By making field trenches, water runoff is hindered, leading to increased infiltration.


Construction is simple, requiring only basic tools and skills. But, depending on soil conditions, labour can be intensive. Trenches may be adapted to most areas and soil types.


Field trenches increase soil moisture and prevent soil erosion.


Costs depend on the filling material as well as the labour needed. As basic material can be used, there are hardly any expenses for special tools.

Self-help compatibility

As only little material is needed and the construction is comparably simple, trenches may be implemented and maintained without outside help.


Sediment should be removed from the trenches and reapplied to the field uphill the trench. Vegetation may stabilise the trench and therefore decreases the need for repairing.


If construction and maintenance is done well, reliability of trenches is high.

Main strength

Broad suitability: field trenches are useful for most soil conditions.

Main weakness

On-going maintenance is inevitable and can be time consuming.

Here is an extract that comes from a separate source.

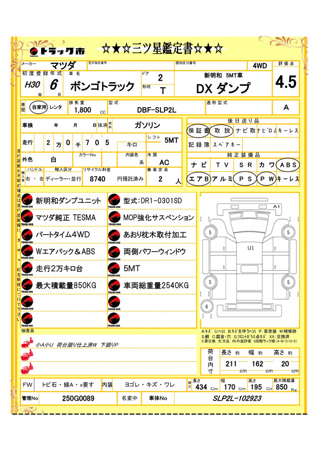 DX ダンプ 4WD マツダ純正特装車TESMA 積載850KG 新明和製ダンプユニット 強化サスペンション パートタイム4WD 5MT
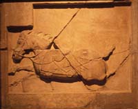 “昭陵六駿”,與其說(shuō)是表現(xiàn)雕刻的美不如說(shuō)是表現(xiàn)繪畫的美。據(jù)記載,昭陵是在杰出美術(shù)家閻立德主持下修建的,并由其弟閻立本圖繪十四國(guó)君長(zhǎng)像為石刻范本?,F(xiàn)存十四國(guó)君長(zhǎng)像頭部殘塊顯示的確有寫真特征,面部皺紋用線刻形式加以表現(xiàn),甚至眼角的紋路亦不放過,形象追求“寫真性”,突出個(gè)人的容顏特點(diǎn),在某種程度上帶有一定的摹刻繪畫性,不同于一般的石人?!傲E”所表現(xiàn)的是唐太宗征戰(zhàn)慣用的六匹戰(zhàn)功馬,宋游師雄題《六駿碑》中記述了石刻當(dāng)時(shí)安置的次序:颯露紫(西第一)、特勒(勤)驃(東第一)、拳毛馬咼 (西第二)、青騅(東第二)、白蹄烏(西第三)、什伐赤(東第三)?!傲E”表現(xiàn)為類似于漢畫象石刻中浮雕的形式,在方形外框中刻畫馬的側(cè)面形象,韻致非常接近于唐代繪畫中馬的表現(xiàn)。“六駿”是具體指象,即“刻石為常所乘破敵馬六匹”(《唐會(huì)要?卷二十》),有形象的特定要求,而且選擇了戰(zhàn)馬中箭、奔馳、療傷的情節(jié)并刻畫出了馬頸部的“三花紋”這類細(xì)節(jié)。這都宜于繪畫表現(xiàn)而不宜于圓雕表現(xiàn)。既然人像石雕可以繪畫為范本,馬的石雕當(dāng)然也完全可能以繪畫為范本。昭陵沒有效法圓雕形式表現(xiàn)鞍馬,原因之一就在于類似畫象石的浮雕形式更便于傳達(dá)繪畫性表現(xiàn)內(nèi)容,避免圓雕所受的材料限制,從而傳達(dá)“六駿”特有的紀(jì)實(shí)性審美意味。

Field trenches suit most soil and rainfall conditions. Their design may be adapted to different rainfall conditions: While continuous trenches are good for dry regions, interrupted bunds can be helpful for water harvesting in regions with higher rainfall.

Library References

Green Water Management Handbook. Rainwater Harvesting for Agricultural Production and Ecological Sustainability

This handbook highlights the principles and technologies that can be used to harness the huge untapped potential of rainwater. Instead of a stereotyped view focusing only on rivers and groundwater, the book directs readers in recognising rain as the ultimate source of water for food production and other uses in rural economies across Africa.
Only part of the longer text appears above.